◆ EXERCISE BRIEF
From the line with "Yang, H., Keith, J." to the line with "Any time a person", output every line below exactly, both ends included. Skip the pictures.

- Opening Delimiter -

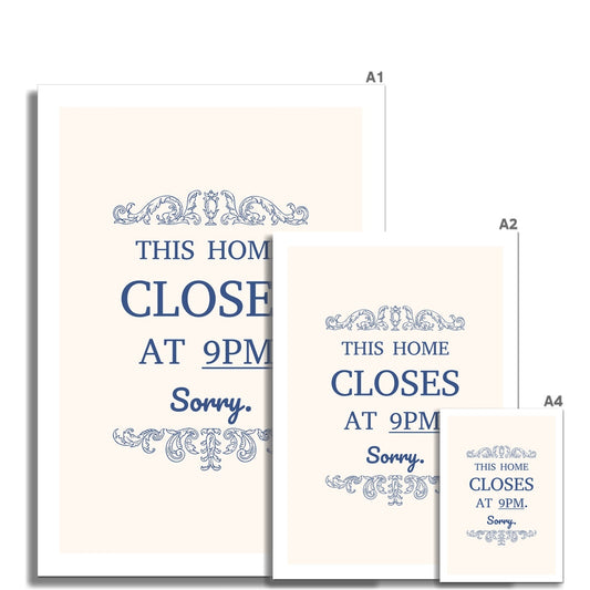 This Home Closes at 9PM. Sorry. Poster Print Wall Art Colourful Cute Gift Inspirational Mantra Love Couples Please Leave Wall Art Poster
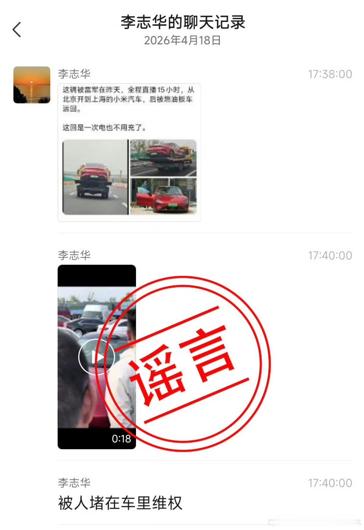 小米徐洁云喊话造谣者难以置信🤦♂️在全程全网直播同时有这么多车友都在现场见证的情况下,居然还能够通过私域进行凭空的造谣抹黑攻击,开眼界毁三观的同时,这位李志华希望他在张口就造谣的时候,能有接受相关后果的准备
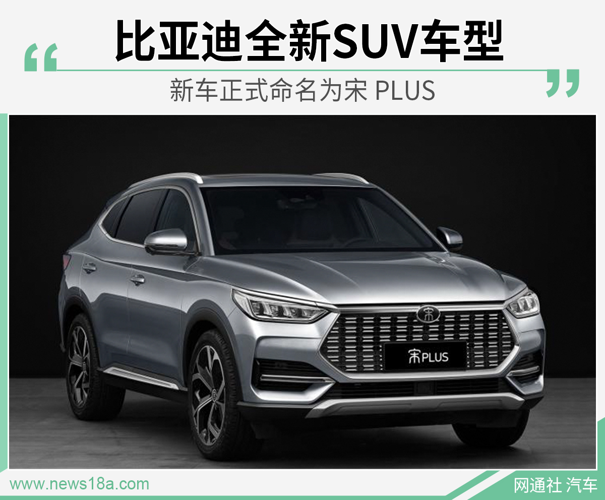 近日,网通社从比亚迪官方获悉,旗下全新SUV车型正式命名为宋 PLUS,除此之外全新车型拥有纯电版本命名为宋 PLUS
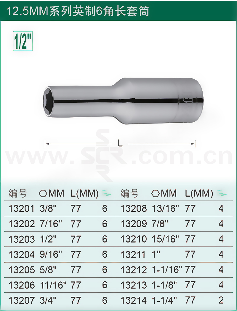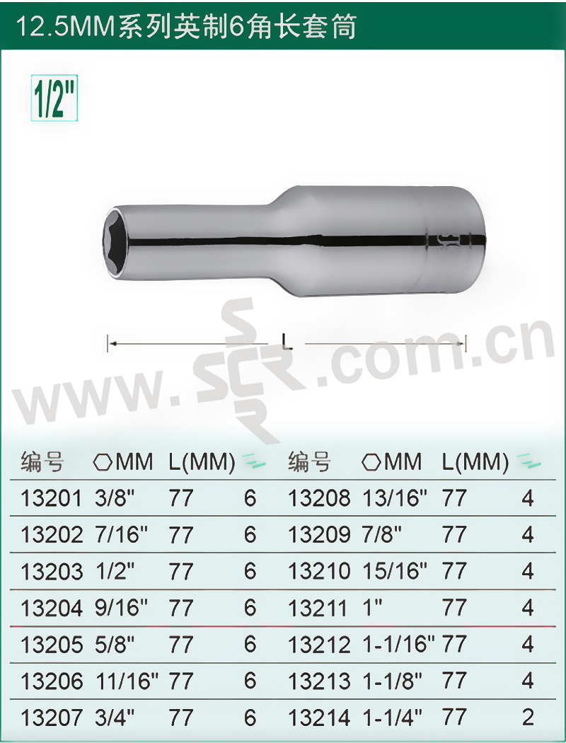 12.5MM系列英制加长六角套筒
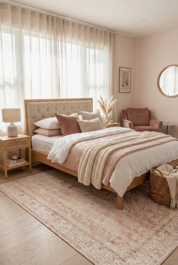Sometimes the biggest difference comes from the walls. This soft blush tone instantly makes the bedroom feel warmer, calmer, and more inviting. It’s subtle enough to stay neutral, but it adds just the right touch of femininity without feeling overly pink.
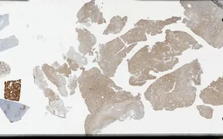 Yang, H., Keith, J. Brain, Angiomatous meningioma, EMA stain. Digital Laboratory Medicine Library, Dept of Laboratory Medicine & Pathobiology, University of Toronto. Published . Accessed December 17, 2025. https://dev.dlml.cflabs.ca/image/brain-angiomatous-meningioma-ema-stain-lmp12111
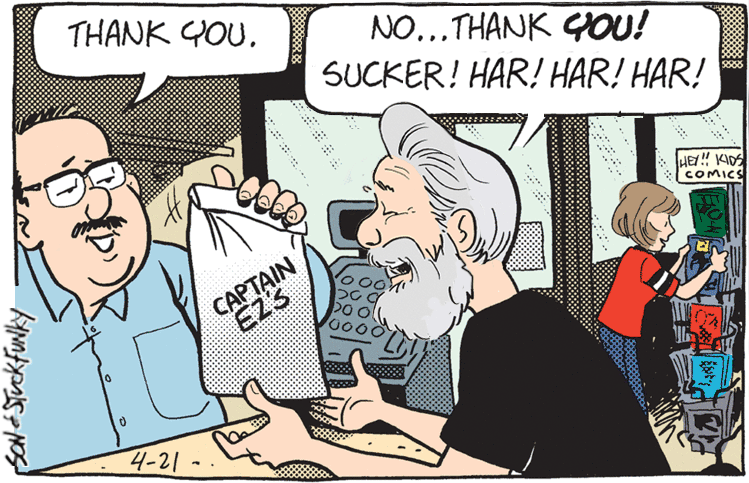 Any time a person or a place in the Funkiverse gets lovingly, weirdly specifically rendered, it sends me down the rabbit hole to investigate. Captain E-Z’s Confectionery, according to an April 15, 2018 story in the Chronicle, stood on Middle Avenue in the Cleveland suburb of Elyria, and was “popular with Elyria High School students for the close proximity it offered to candy, pop and comic books.” On Instagram, I came across an undated image of what appears to be the real place in Ohio. The (poorly taped!) sign in the window advertises milk at $1.55 a gallon, suggesting that this pic dates to circa 1975.
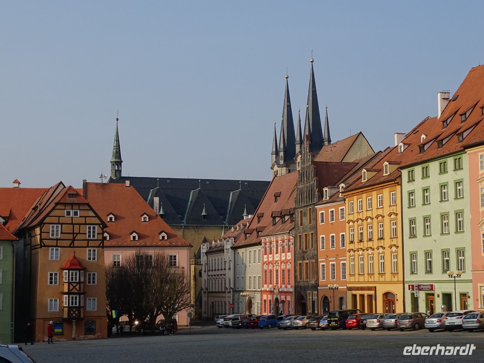 Gut gestärkt und bestens unterhalten setzen wir unsere Fahrt in Richtung Eger (Cheb), vorbei an der Feste der Burg Seeberg, fort. In Eger (Cheb) angekommen, erläuterte uns unser Reiseführer die Bedeutung der alten Festung Cheb als wichtiger Zollpunkt seiner Zeit und wir staunten über die gewaltige Kirche St. Nikolaus mit ihren hohen Türmen. In Marktnähe verließen wir zu einem kleinen Rundgang unseren Bus und statteten der Rolandstatue, die auf einem großen Sockel mitten auf dem Marktplatz wacht, einen Besuch ab. Wir bummelten über den langgestreckten Markt, der von der wunderschönen Fassadenvielfalt historischen Häuser umsäumt wird und bestaunten das „schwarze Haus“ und das „Todeshaus“ von Wallenstein, der in diesem mit einer Lanze niedergestochen wurde. Leider ließ uns der sehr kalte Wind nicht lange Verweilen und so stiegen wir wieder in unseren Bus, der uns nach nur kurzer Fahrt wieder in unser Hotel in Franzensbad brachte. Heißer Tee war nun das begehrteste Getränk und wir ließen uns das allabendliche, köstliche Drei-Gänge-Menü schmecken. Ein sehr erlebnisreicher Tag ging zu Ende und jeder ließ den Tag nach seiner Fasson ausklingen.

- Closing Delimiter -

◆ RESULT BELOW
 Yang, H., Keith, J. Brain, Angiomatous meningioma, EMA stain. Digital Laboratory Medicine Library, Dept of Laboratory Medicine & Pathobiology, University of Toronto. Published . Accessed December 17, 2025. https://dev.dlml.cflabs.ca/image/brain-angiomatous-meningioma-ema-stain-lmp12111
 Any time a person or a place in the Funkiverse gets lovingly, weirdly specifically rendered, it sends me down the rabbit hole to investigate. Captain E-Z’s Confectionery, according to an April 15, 2018 story in the Chronicle, stood on Middle Avenue in the Cleveland suburb of Elyria, and was “popular with Elyria High School students for the close proximity it offered to candy, pop and comic books.” On Instagram, I came across an undated image of what appears to be the real place in Ohio. The (poorly taped!) sign in the window advertises milk at $1.55 a gallon, suggesting that this pic dates to circa 1975.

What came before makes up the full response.